The Man From The Bitter Roots - Page 41/191

It is said that no two persons see another in exactly the same light. Be that as it may, it is extremely doubtful if Uncle Bill Griswold would have immediately recognized in the debonair raconteur who held a circle breathless in the Bartlesville Commercial Club the saffron-colored, wild-eyed dude whom he had fished off the slide rock with a pair of "galluses" attached to a stout pole.

The account of Sprudell's adventure had leaked out and even gotten into print, but it was not until some time after that his special cronies succeeded in getting the story from his own lips.

There was not a dry eye when he was done. That touch about thinking of them and the Yawning Jaws, and grappling hand to hand with The White Death--why, the man was a poet, no matter what his enemies said; and, as though to prove it, Abe Cone sniffled so everybody looked at him.

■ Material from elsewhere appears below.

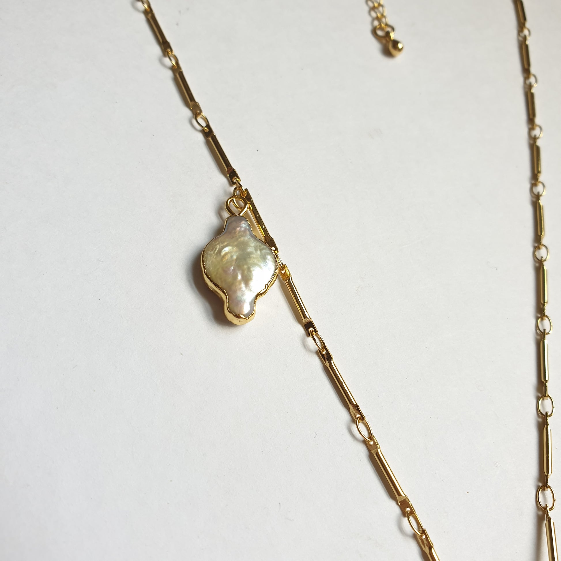 - Freshwater pearl in a darling irregular shape gilded in 18k gold

"We're proud of you! But you musn't take such a chance again, old man."

A chorus echoed Y. Fred Smart's friendly protest. "'Tain't right to tempt Providence."

But Sprudell laughed lightly, and they regarded him in admiration--danger was the breath of life to some.

But this reckless, peril-courting side was only one side of the many-sided T. Victor Sprudell. From nine in the morning until four in the afternoon, he was the man of business, occupied with facts and figures and the ever-interesting problem of how to extract the maximum of labor for the minimum of wage. That "there is no sentiment in business" is a doctrine he practised to the letter. He was hard, uncompromising, exact.

Rather than the gratifying cortège which he pictured in his dreams, a hansom cab or a motorcycle could quite easily have conveyed all the sorrowing employees of the Bartlesville Tool Works who voluntarily would have followed its president to his grave.

But when Sprudell closed his office door, he locked this adamantine, quibbling, frankly penurious, tyrannical man of business inside, and the chameleon does not change its color with greater ease than Sprudell took on another and distinct personality. On the instant he became the "good fellow," his pink face and beaming eyes radiating affability, conviviality, an all-embracing fondness for mankind, also a susceptible Don Juan keenly on the alert for adventure of a sentimental nature.

In appearance, too, he was a credit to the Bartlesville Commercial Club, when, with his pink face glowing above a glimpse of crimson neck scarf, dressed in pearl-gray spats, gray topcoat, gray business clothes indistinctly barred with black, and suède gloves of London smoke, he bounded up the clubhouse steps with the elasticity of well-preserved fifty, lightly swinging a slender stick. His jauntily-placed hat was a trifle, a mere suspicion, too small, and always he wore a dewy boutonnière of violets, while his thick, gray hair had a slight part behind which it pleased him to think gave the touch of distinction and originality he coveted.